# Securing table top



## Blumpkinson (Jul 11, 2011)

Ok so i'm going to do my best to try and describe this w/o pictures.


I'm building a table w/ a stone mosiac top, wrapped in a mitered 3'' wood boarder. I used thinset to secure the tiles to 1/4'' wonderboard, which sits on top of 3/4'' mdf to keep it from flexing. I'm also running boards under the mdf for extra protection, which will fasten to the skirt.

The stone/wonderboard/mdf combo weighs at least 70 lbs. I'm cutting a rabbit in the boarder and the skirt, so there is a C channel that the wonderboard/mdf will fit inside. The boarder will sit flush w/ the top of the tile. 

My question is that after cutting the rabbit in the skirt and boarder, there isn't enough "meat" left for me to run a screw up through the bottom of the skirt into the top. 

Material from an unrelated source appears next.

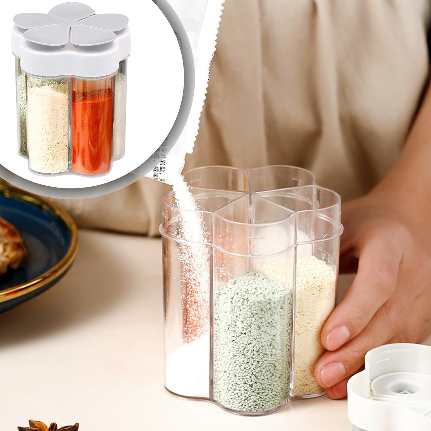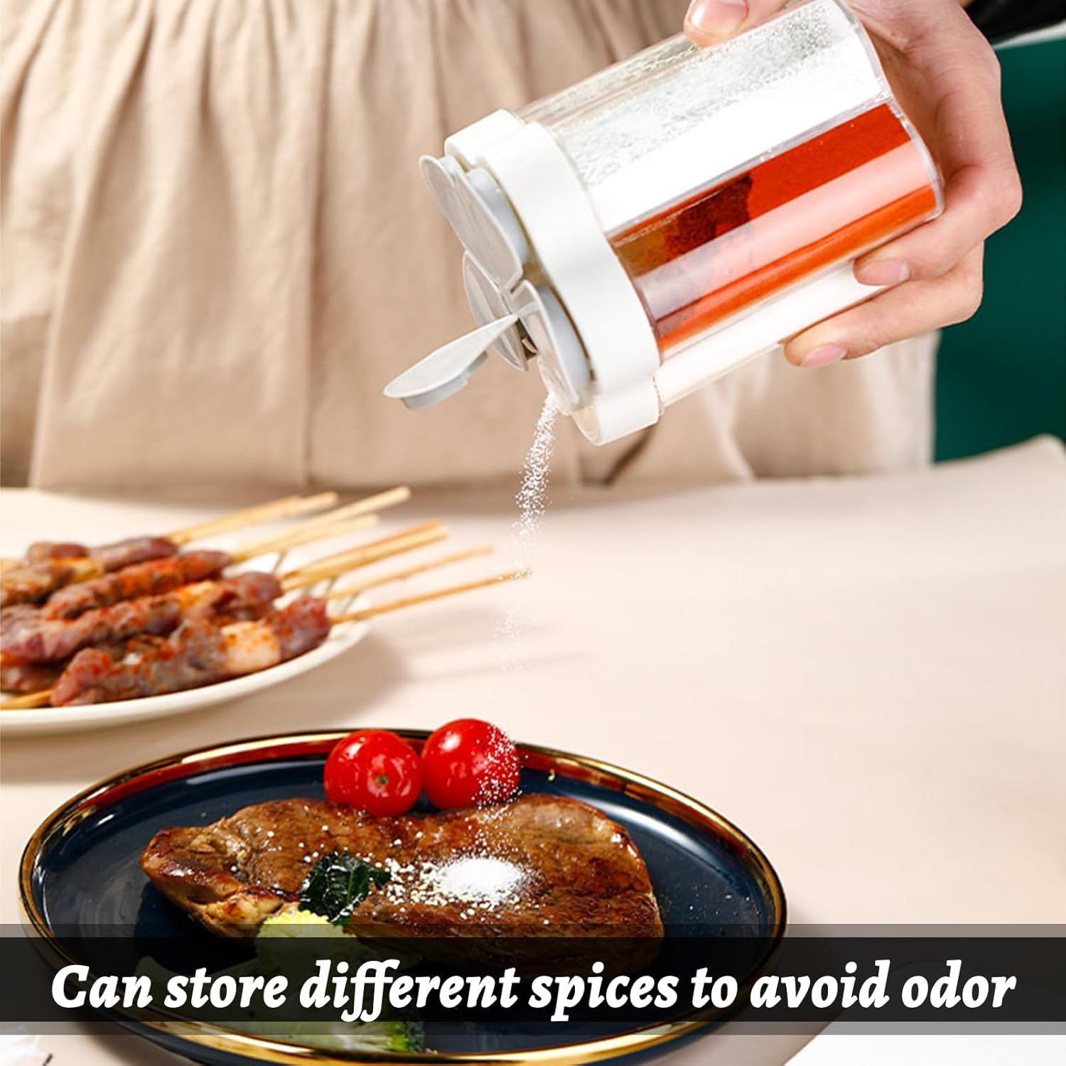 【Bottle mouth design】Each compartment of seasoning keychain corresponds to a lid, and the lid is opened with a mesh design. When using, you can evenly distribute the seasoning, control the amount and filter out the agglomerated seasoning. Especially suitable for kitchen novices.

I need the top to be fairly secured incase anyone decides to lift it by the edge or knock into it. I'm pretty sure just gluing the boarder onto the skirt and legs wouldn't be strong enough. I hope i got the picture across, any ideas?


----------



## cabinetman (Jul 5, 2007)

Why can't you run screws at an angle through the bottom supports through the MDF, and into the skirt/apron.












 







.


----------



## Blumpkinson (Jul 11, 2011)

That's what my backup plan is, but i'm alittle iffy about running screws on such an angle. And doing it pretty much all blind. The skirt will be about 3/8 after the rabbit and the top will be 1/2 wide. Would that be enough for me to run screws straight up? I figured it wouldn't be worth the risk, but this is my 2nd ww project. So my experience is limited and this table is going to weigh a ton.


----------



## juliepooch (Mar 27, 2011)

Will pocket screws work?


----------